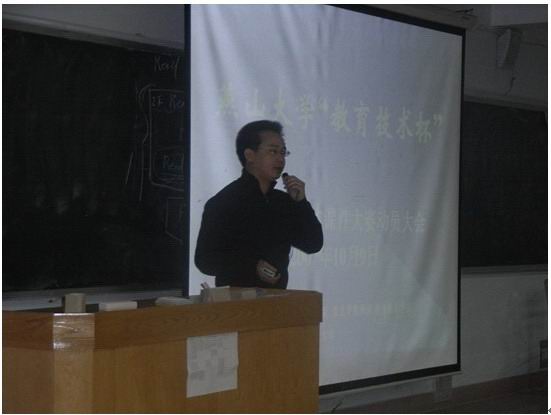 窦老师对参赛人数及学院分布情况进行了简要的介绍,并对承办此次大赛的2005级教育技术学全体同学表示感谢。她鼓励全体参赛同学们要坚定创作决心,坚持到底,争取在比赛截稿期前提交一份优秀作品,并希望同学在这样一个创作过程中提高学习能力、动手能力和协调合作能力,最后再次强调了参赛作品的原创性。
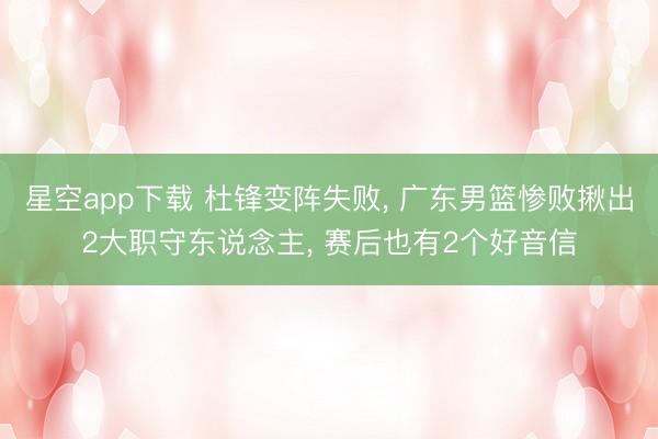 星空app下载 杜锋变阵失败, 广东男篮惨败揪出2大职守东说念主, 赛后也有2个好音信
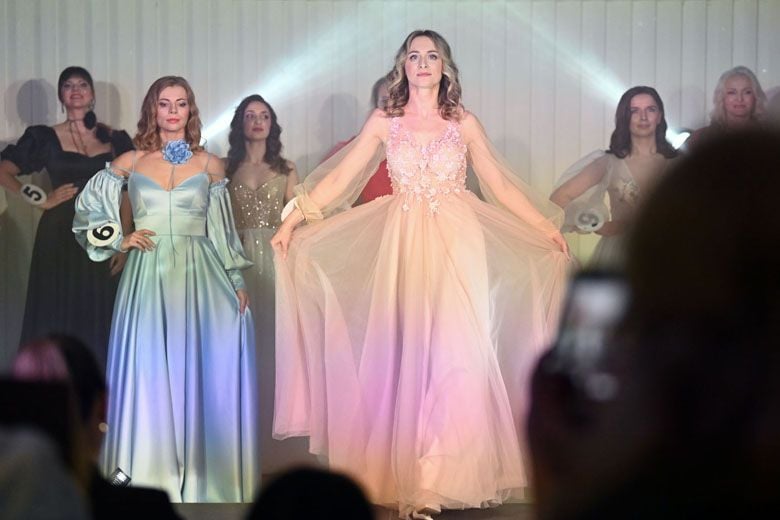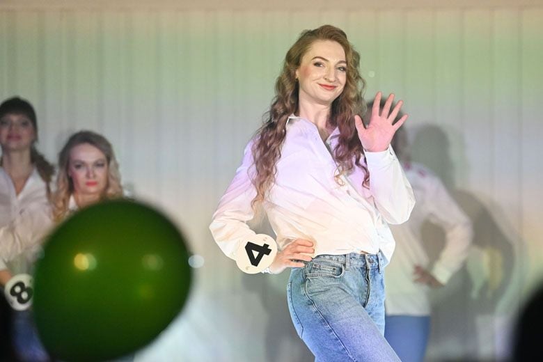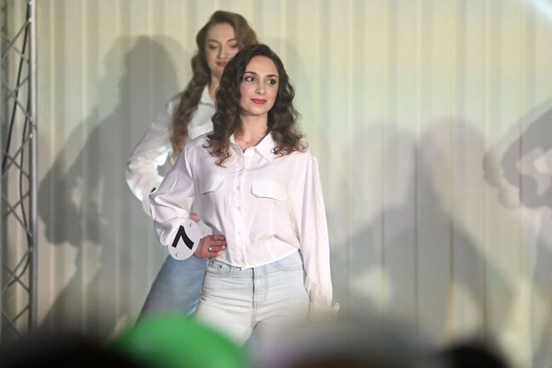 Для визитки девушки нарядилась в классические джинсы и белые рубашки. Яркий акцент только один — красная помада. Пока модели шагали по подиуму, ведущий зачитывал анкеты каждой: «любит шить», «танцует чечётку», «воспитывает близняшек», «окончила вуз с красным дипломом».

...

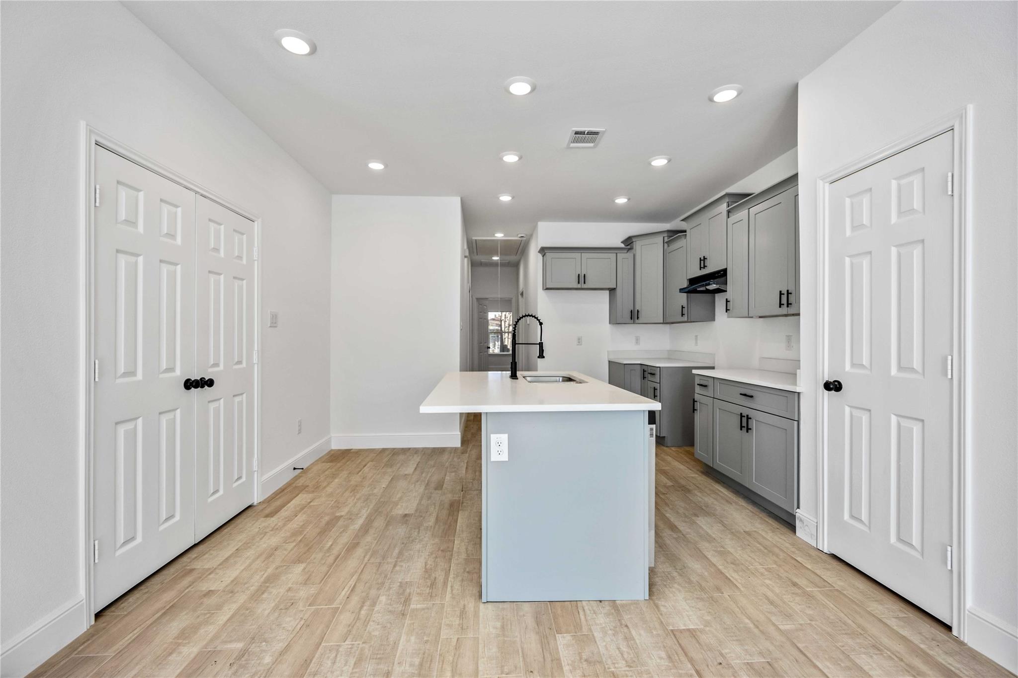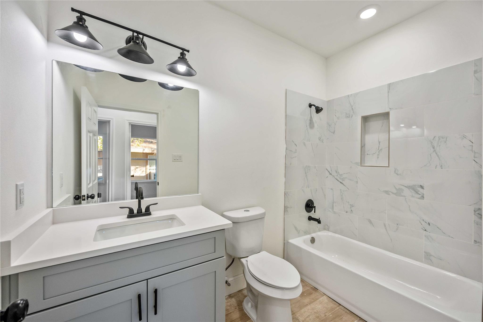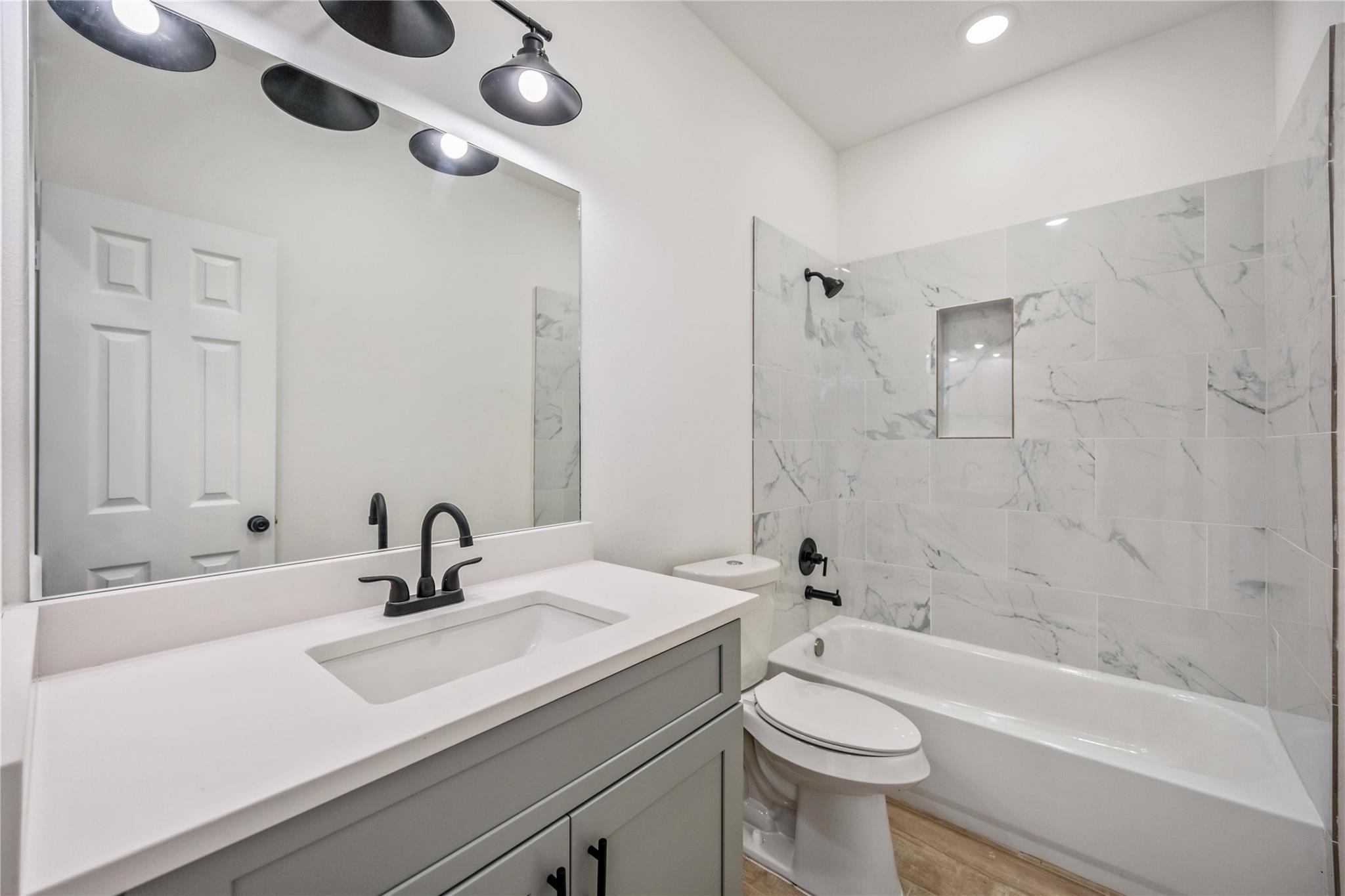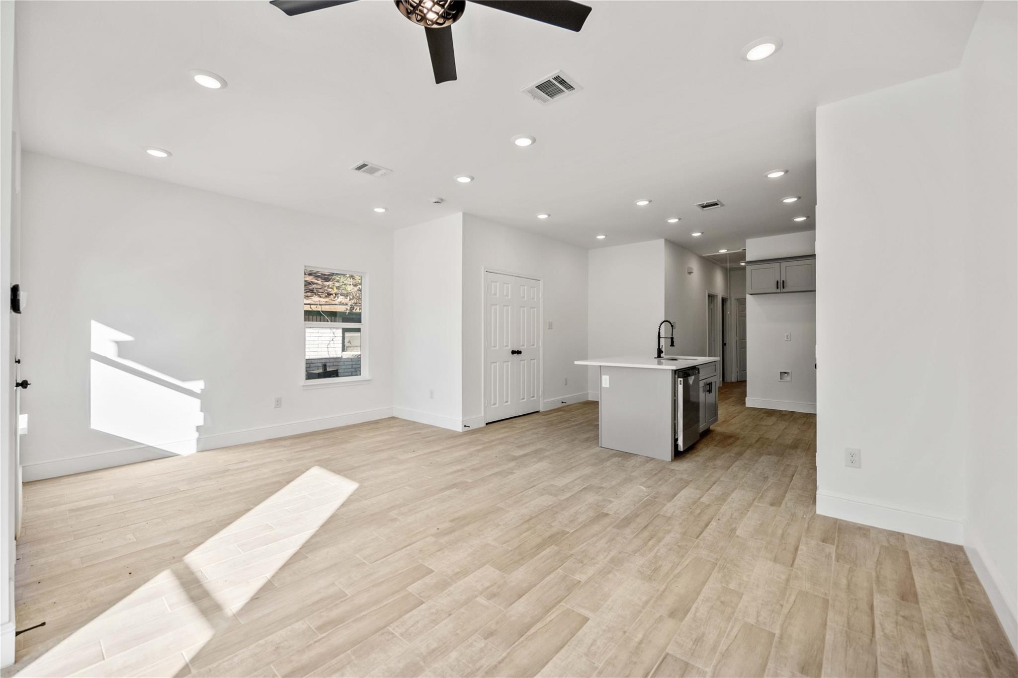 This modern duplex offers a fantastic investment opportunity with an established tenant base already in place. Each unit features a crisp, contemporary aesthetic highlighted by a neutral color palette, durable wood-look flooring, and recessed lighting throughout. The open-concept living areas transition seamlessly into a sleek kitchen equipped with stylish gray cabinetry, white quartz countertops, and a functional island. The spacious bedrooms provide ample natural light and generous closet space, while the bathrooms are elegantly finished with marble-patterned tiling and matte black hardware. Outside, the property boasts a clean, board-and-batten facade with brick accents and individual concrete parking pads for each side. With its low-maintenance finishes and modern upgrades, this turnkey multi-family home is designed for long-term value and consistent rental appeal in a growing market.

**Instructions to follow:** Make an exact copy of the lines above, beginning with the line with "窦老师对参赛人数及学院分布情" and ending with the line with "Для визитки девушки", and keep the pictures out of it.

**Answer to the exercise:**
 窦老师对参赛人数及学院分布情况进行了简要的介绍,并对承办此次大赛的2005级教育技术学全体同学表示感谢。她鼓励全体参赛同学们要坚定创作决心,坚持到底,争取在比赛截稿期前提交一份优秀作品,并希望同学在这样一个创作过程中提高学习能力、动手能力和协调合作能力,最后再次强调了参赛作品的原创性。
 星空app下载 杜锋变阵失败, 广东男篮惨败揪出2大职守东说念主, 赛后也有2个好音信
 Для визитки девушки нарядилась в классические джинсы и белые рубашки. Яркий акцент только один — красная помада. Пока модели шагали по подиуму, ведущий зачитывал анкеты каждой: «любит шить», «танцует чечётку», «воспитывает близняшек», «окончила вуз с красным дипломом».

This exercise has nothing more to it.